When the actors arrived on the set and received shooting scripts, they were shocked by how much the story had been changed, and they considered quitting the film. The producers then tried to rehire Dick Clement and Ian La Frenais to undoctor their already doctored
script, but they were not available for the job. Instead, Parker Bennett and Terry Runte, who had written the draft that Clement and La Frenais had once upon a time redrafted, were hired and flown down to North Carolina. Upon arrival, Bennett and Runte worked closely with the producers, directors, and cast members to make script changes on the fly and play the unenviable role of creative peacemakers. Their already difficult job was made even more frustrating by the fact that the actors weren’t talking to the directors, the directors weren’t talking to the producers, and nobody was talking to Nintendo.

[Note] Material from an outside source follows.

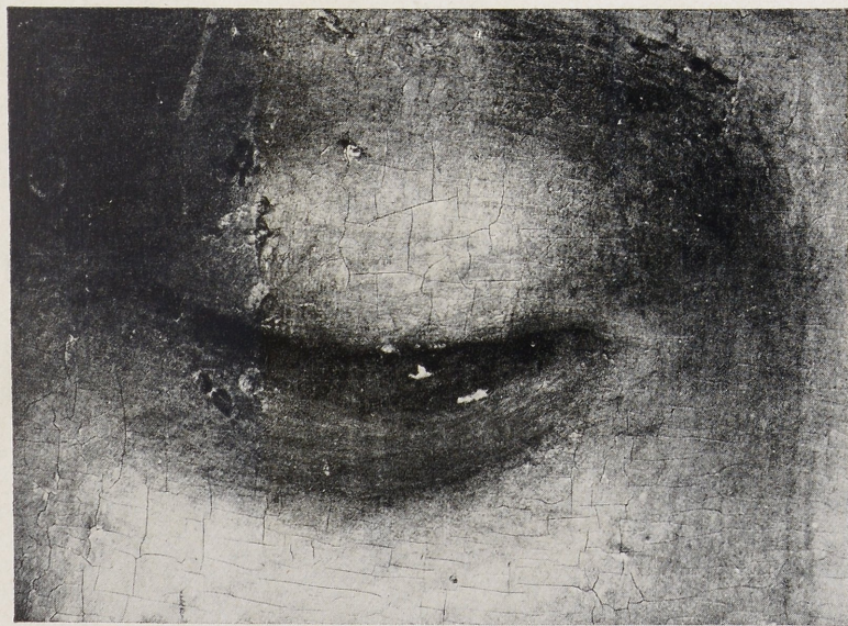
Abb. 1 Hl. Anna Selbdritt (Ausschnitt) Abb. 2 Felsgrottenmadonna des Louvre (Ausschnitt) (Jeweils um ca. \frac{1}{5} vergrößert)

Over the next several weeks, things went from hell to the inferno’s seventh circle. The directors lost any remaining allies when Morton poured hot coffee on an extra he didn’t think looked dirty enough, but amazingly this obscene incident was soon trumped by another. Bob Hoskins and John Leguizamo disliked working on the film so much that they began drinking on the set, which may or may not have been the reason behind Leguizamo crashing a car and injuring his fictional brother during production, which resulted in Hoskins having to wear a cast that could be seen in various scenes throughout the film). With all the chaos, the production schedule ballooned from ten weeks to fifteen, forcing the producers to scrap the original climactic finale that would have featured Mario scaling the Brooklyn Bridge and saving the day by dropping an explosive Bob-omb down King Koopa’s throat. Instead, they opted for the much cheaper alternative of Mario simply shooting King Koopa with a gun.